Apparently the Kosciusko area is the sole habitat of the Corroboree Frog, though I've not seen one up there myself. The High country is home to the Highlands Copperhead, Red Bellied Black, and the beautiful (aren't they all) White Lipped Snake. Where to find them?-my advice is somewhere sunny, in the morning, near water.

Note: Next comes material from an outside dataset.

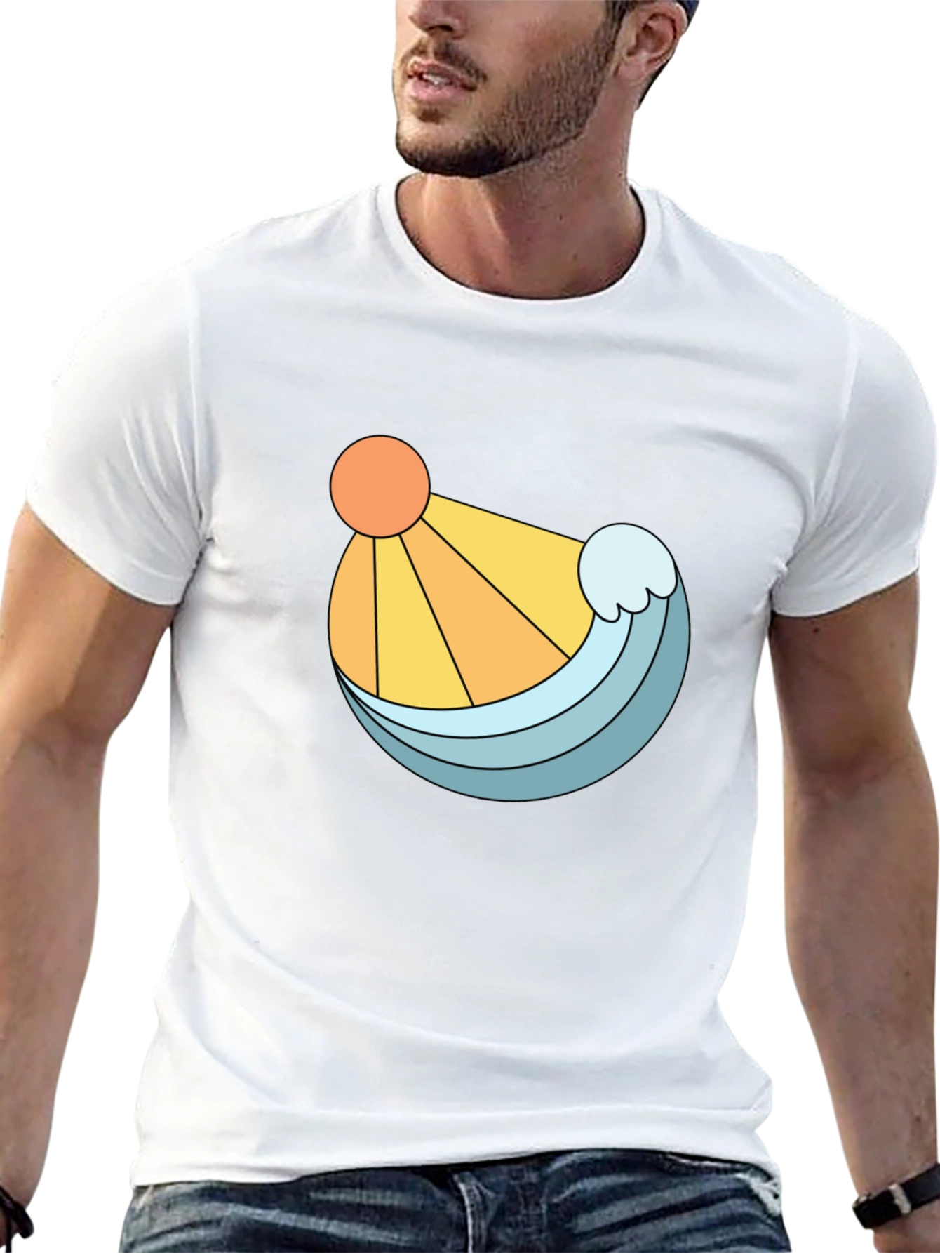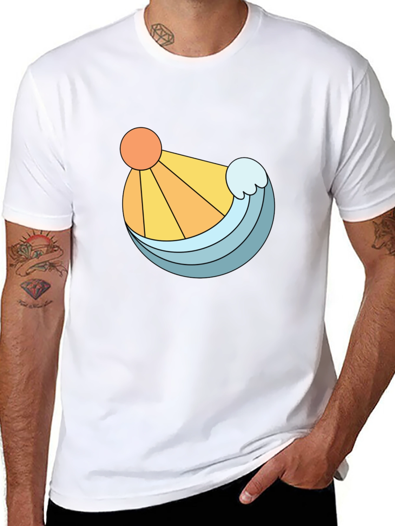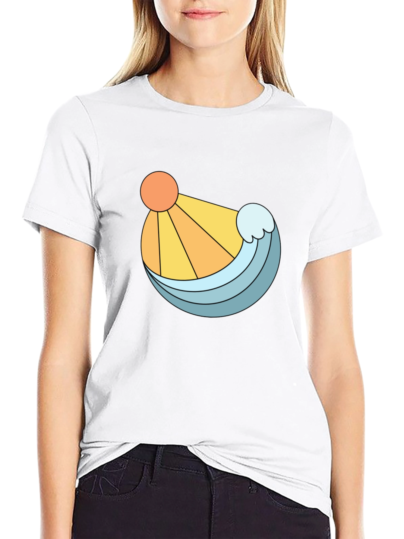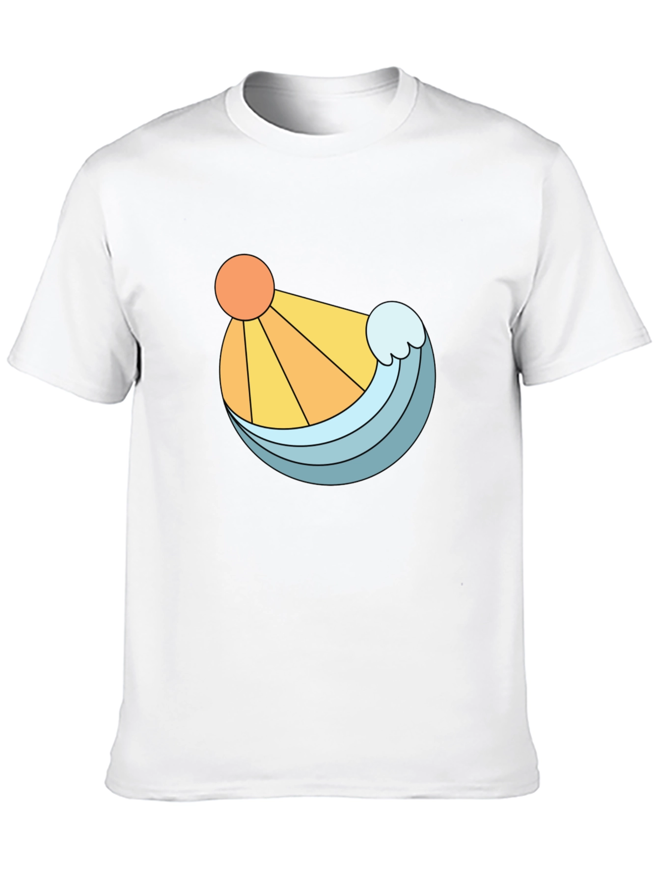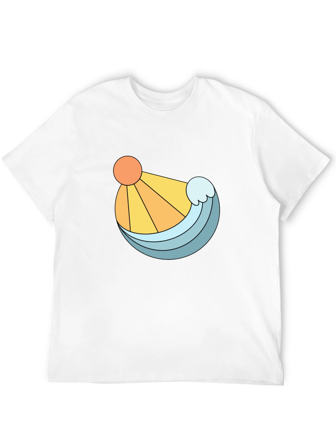 Embrace a sunny, beachy vibe with this stylish black t-shirt. Featuring a unique graphic design of a bright orange sun and a refreshing blue wave, this tee is perfect for adding a pop of color to your casual wardrobe. The clean lines and bold illustration make it a standout piece, while the classic black backdrop ensures it pairs effortlessly with jeans, shorts, or joggers. Made from a comfortable-looking fabric, this t-shirt offers both style and ease. Whether you're strolling along the beach, hanging out with friends, or simply relaxing at home, this shirt is a great choice.

A walk on a track beside a water race near Falls Creek one day last summer revealed A Copperhead, RBS, and a Tiger, all within a couple of kilometres. Good Luck!


----------



## BredliFreak (Feb 4, 2016)

Thanks. It's in a school camp so I'm not sure if we would be visiting alpine bogs but it would be an honour to find one. I hope a find some of the snakes mentioned. What about lizards?


----------



## Spinifex (Feb 5, 2016)

BredliFreak said:


> Thanks. It's in a school camp so I'm not sure if we would be visiting alpine bogs but it would be an honour to find one. I hope a find some of the snakes mentioned. What about lizards?

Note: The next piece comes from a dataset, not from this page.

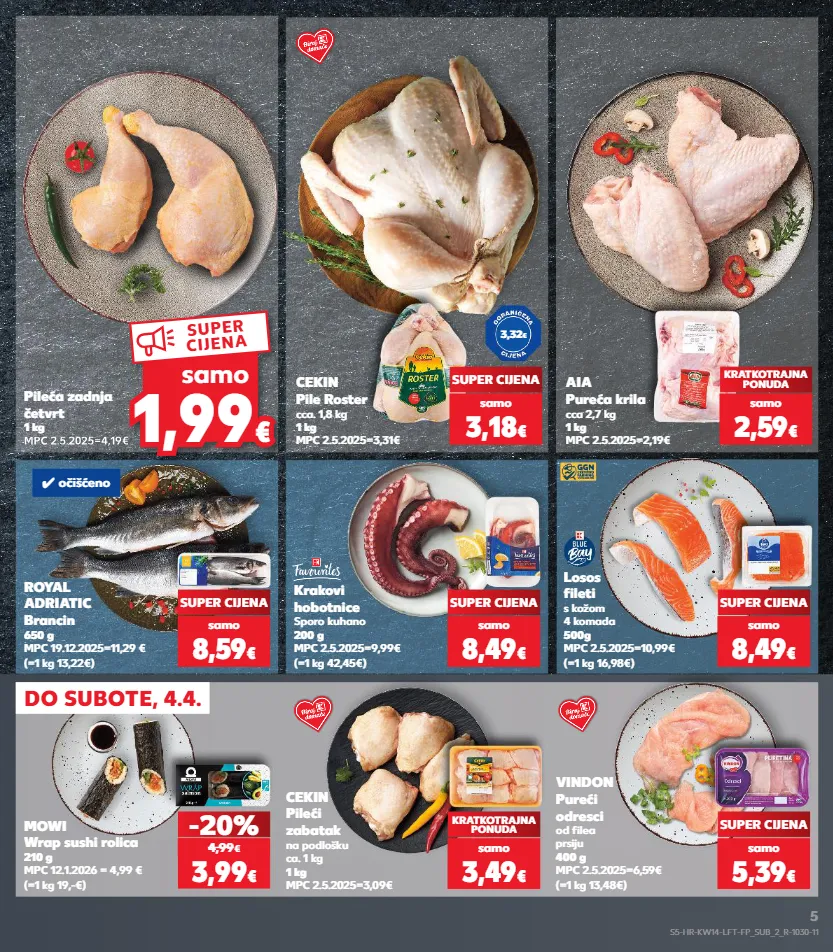 kratkotrajna ponuda kratkotrajna ponuda kratkotrajna ponuda kratkotrajna ponuda kratkotrajna ponuda kratkotrajna ponuda samo do subote, 4.4. royal adriatic brancin 650 g mpc 19.12.2025=11,29 € (=1 kg 13,22€) losos fileti s kožom 4 komada 500g mpc 2.5.2025=10,99€ (=1 kg 16,98€) super cijena super cijena mowi wrap sushi rolica 210 g mpc 12.1.2026 = 4,99 € (=1 kg 19,-€) cekin pileći zabatak na podlošku ca. 1 kg 1 kg mpc 2.5.2025=3,09€ vindon pureći odresci od filea prsiju 400 g mpc 2.5.2025=6,59€ (=1 kg 13,48€) -20% kratkotrajna ponuda super cijena cekin pile roster cca. 1,8 kg 1 kg mpc 2.5.2025=3,31€ super cijena pileća zadnja četvrt 1 kg mpc 2.5.2025=4,19€ aia pureća krila cca 2,7 kg 1 kg mpc 2.5.2025=2,19€ kratkotrajna ponuda samo 8,59 € samo 8,49 € krakovi hobotnice sporo kuhano 200 g mpc 2.5.2025=9,99€ (=1 kg 42,45€) super cijena samo 8,49 € 3,99 € 4,99 € samo 3,49 € samo 5,39 € samo 3,18 € samo 2,59 € 3,32 € ✓ očišćeno mpc 2.5.2025=4,19€ 1,99 1,99 € € samo super cijena s5-hr-kw14-lft-fp_sub_2_r-1030-11 5

 Lots of small skinks up there, and water skinks by the creek that runs through Thredbo. If your going up there with students (I'm a teacher too), I'm assuming you will take the hike from the top of the chairlift, to the summit of Kosciusko. Along the way you'll walk along a raised walkway, designed to keep human traffic out of the bogs and to prevent erosion. keep your eyes open for reptiles and small mammals who can safely live under this structure, quite a fun walk last time I did it!


----------



## saikrett (Feb 5, 2016)

Are you doing any tours with National Parks?


----------



## BredliFreak (Feb 6, 2016)

Not sure, from what I've heard it's a multi-day hike


----------



## NickGeee (Feb 6, 2016)

plenty of dendys toadlets up there, probably alpine form of the verreauxis tree frog too. I've heard white lips are sorta common up there, along with highlands copperheads. Plenty of small brown skinks, pretty sure you can get every single eastern species of Psuedemoia around there, along with alpine water skinks.
good luck mate!

- - - Updated - - -



Spinifex said:


> Apparently the Kosciusko area is the sole habitat of the Corroboree Frog, though I've not seen one up there myself. The High country is home to the Highlands Copperhead, Red Bellied Black, and the beautiful (aren't they all) White Lipped Snake. Where to find them?-my advice is somewhere sunny, in the morning, near water.
> 
> A walk on a track beside a water race near Falls Creek one day last summer revealed A Copperhead, RBS, and a Tiger, all within a couple of kilometres. Good Luck!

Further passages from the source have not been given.